Start of GIVEN RECORDS

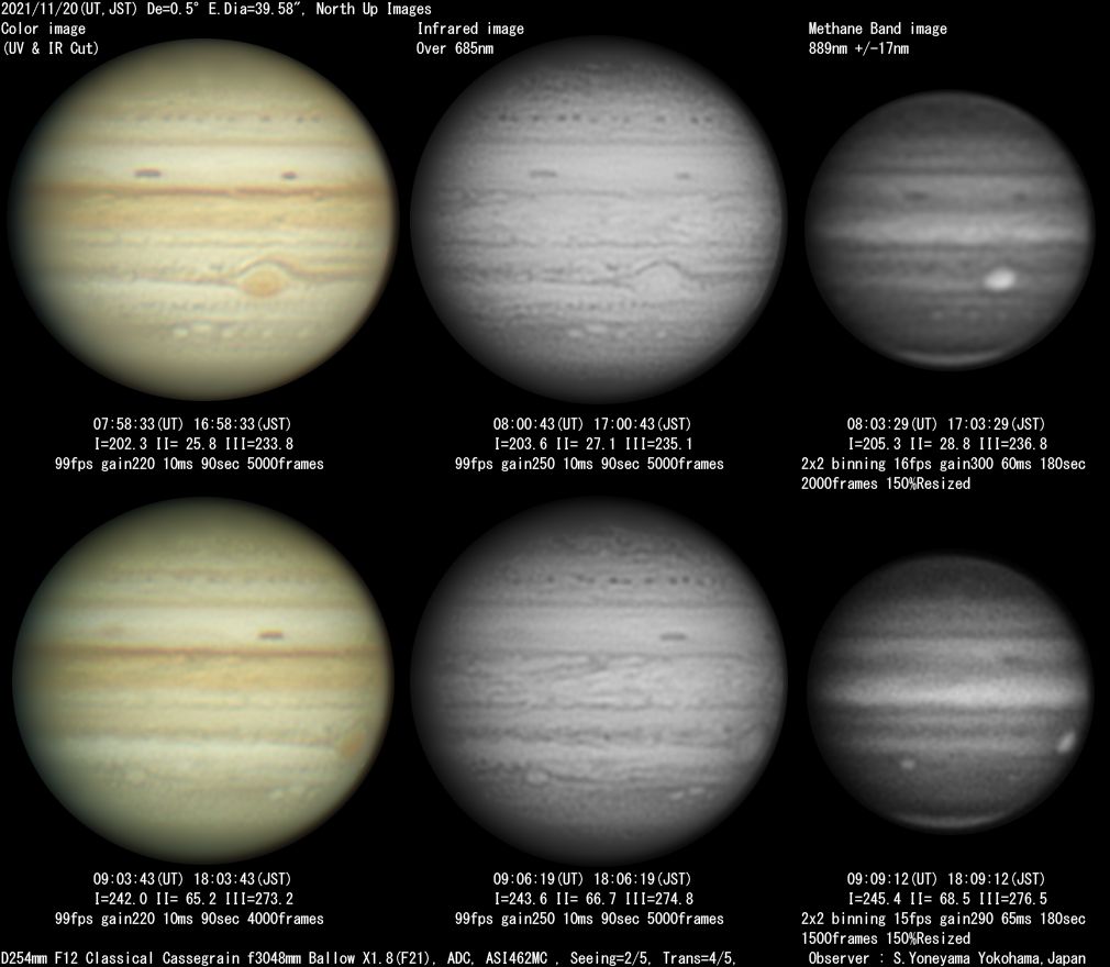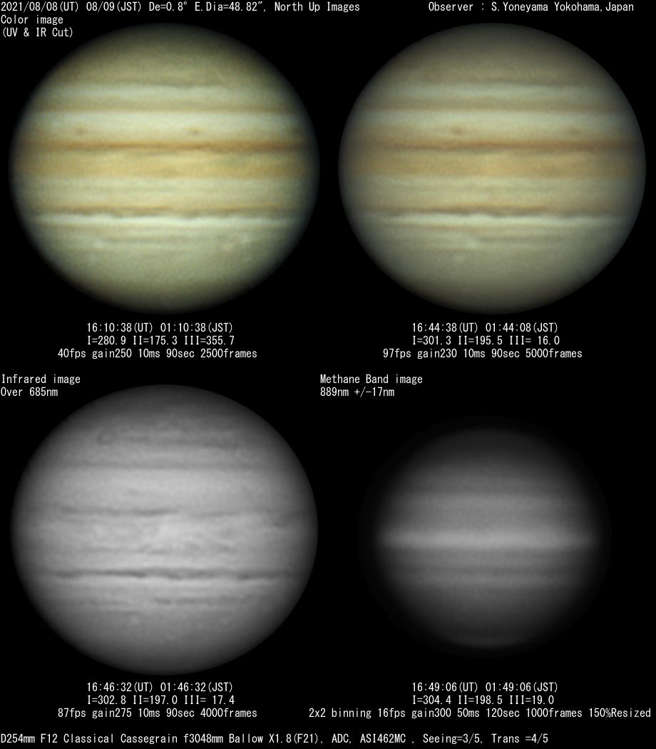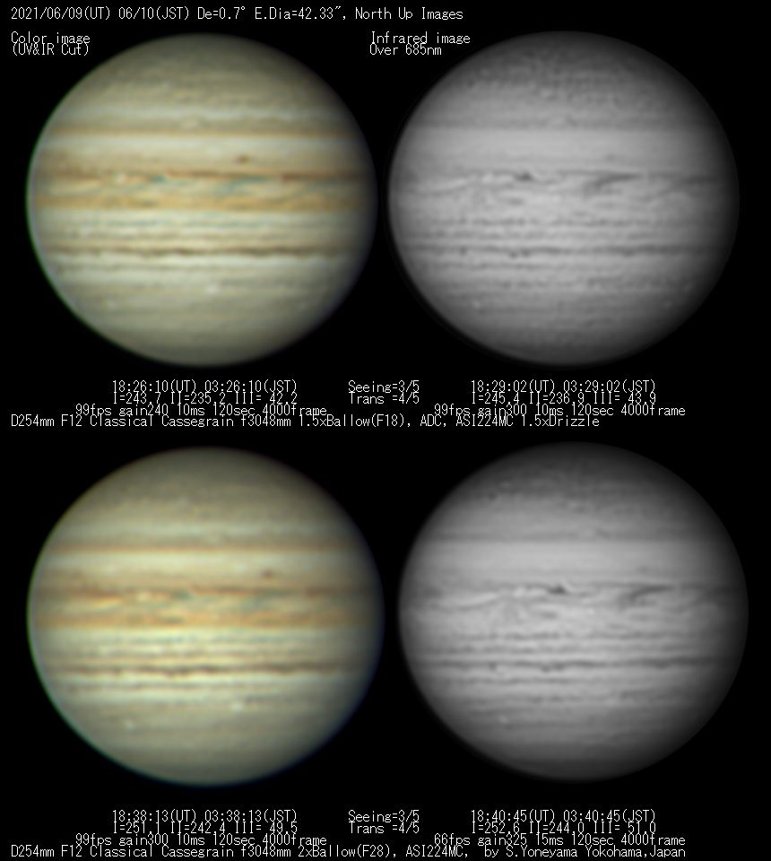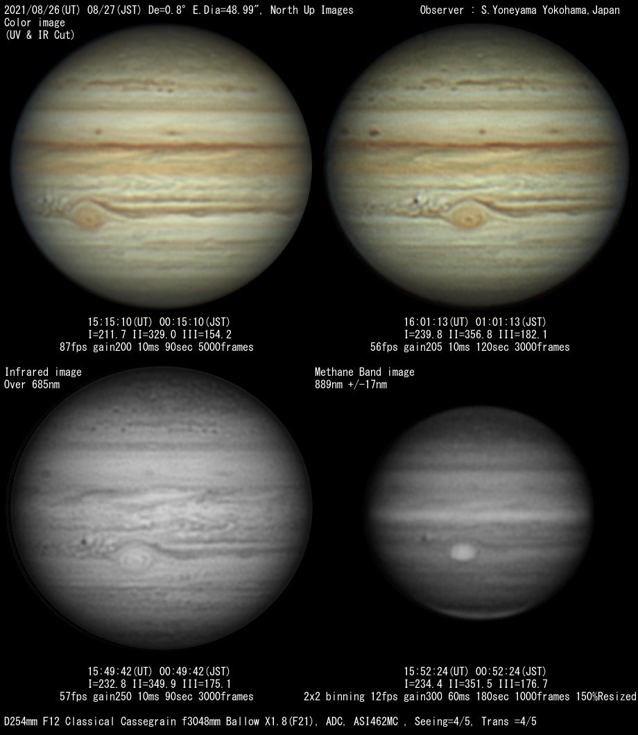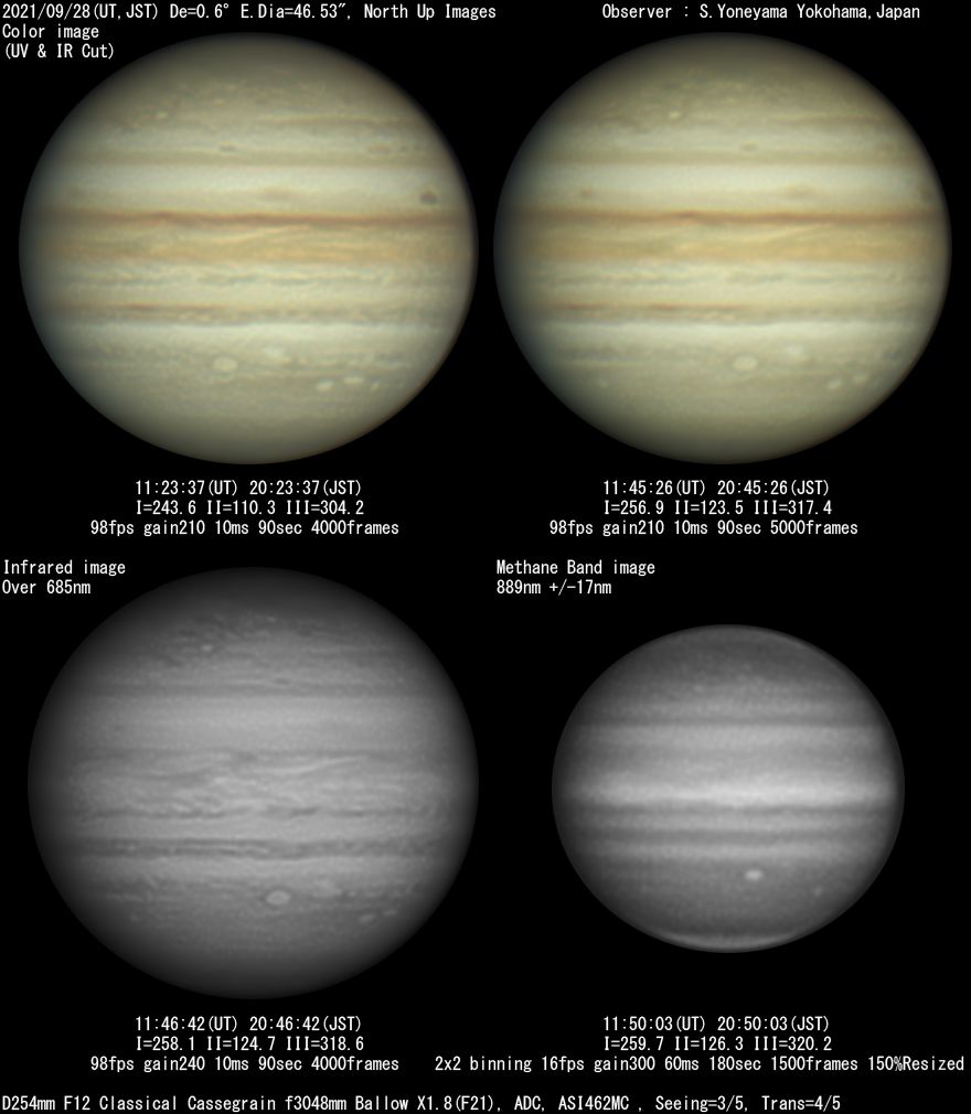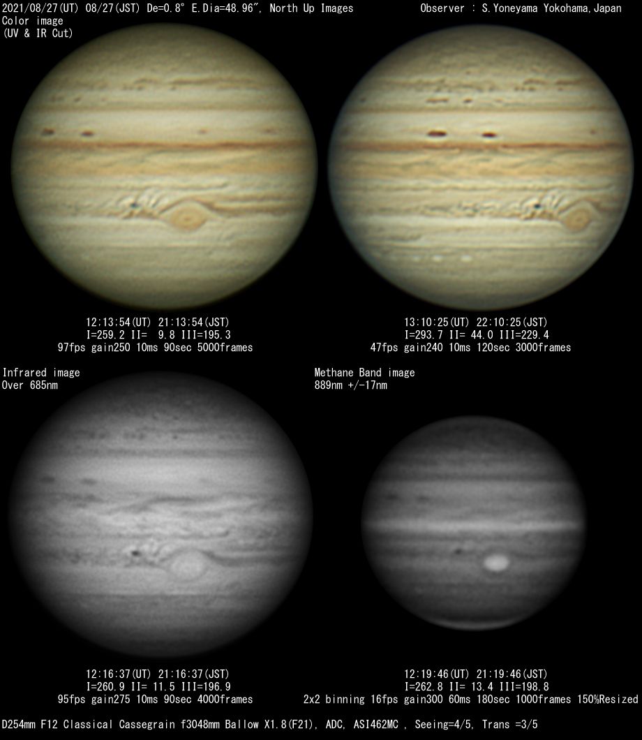 | フィルター | ・可視光用 UV&IR Cut(紫外線&赤外線カット)フィルター ・IR Filter(赤外透過フィルター): バーダーIRパスFilter Over685nm、ASTRONOMIK Pro-Planet Over807nm ・メタンバンドフィルタ :IDAS Methane 890nm 半値幅17nm ・大気分散補正器具 :ZWO ADC(ウェッジプリズムを2枚組合わせた、角度可変タイプ) |
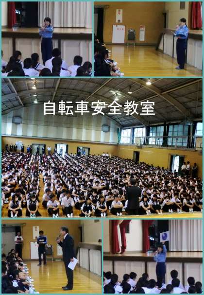 警察署の方々などにご来校いただき自転車安全教室を行うと同時に、自転車盗難防止講話もしていただきました。
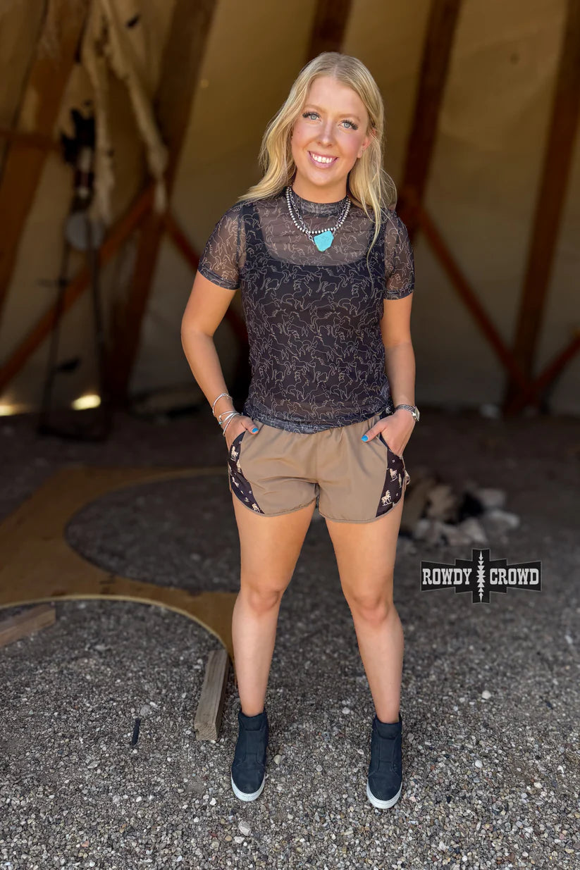 Ride, Sally, Ride! You'll want to in the Mustang Ridge Shorts. These are a taupe colored athletic short with a liner inside. These are perfect for the lake, or any hot summer day! The sides feature a mustang print along with some tiny X's to complement your favorite Rowdy Crowd Tee!
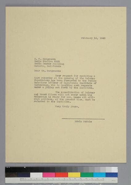 EPH writes to radio personality R.W. Hergonson of Radio Station KOCS
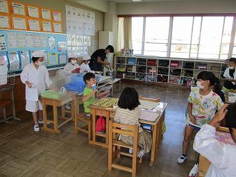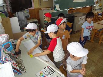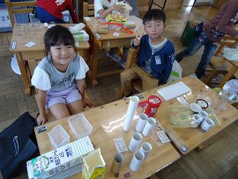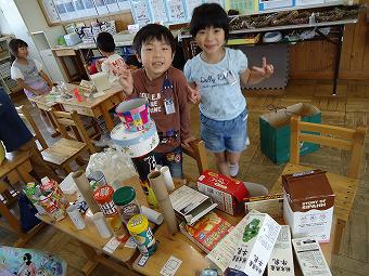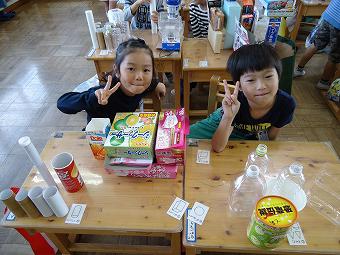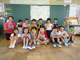 1年生が図工の時間に「びっくりぴょーん」の学習をしました。ペットボトルに穴を開けて、細工をし、息を吹き込むとその細工部分が動くおもちゃづくりです。どの子も想像の翼を思い切り広げて、楽しそうに学習していました。

End of GIVEN RECORDS

* _WORK REQUEST_: Each line from the start of the entries above through the line with "警察署の方々などにご来校いた" should be duplicated exactly, leaving out the pictures.

* _EXPECTED ANSWER_:
 | フィルター | ・可視光用 UV&IR Cut(紫外線&赤外線カット)フィルター ・IR Filter(赤外透過フィルター): バーダーIRパスFilter Over685nm、ASTRONOMIK Pro-Planet Over807nm ・メタンバンドフィルタ :IDAS Methane 890nm 半値幅17nm ・大気分散補正器具 :ZWO ADC(ウェッジプリズムを2枚組合わせた、角度可変タイプ) |
 警察署の方々などにご来校いただき自転車安全教室を行うと同時に、自転車盗難防止講話もしていただきました。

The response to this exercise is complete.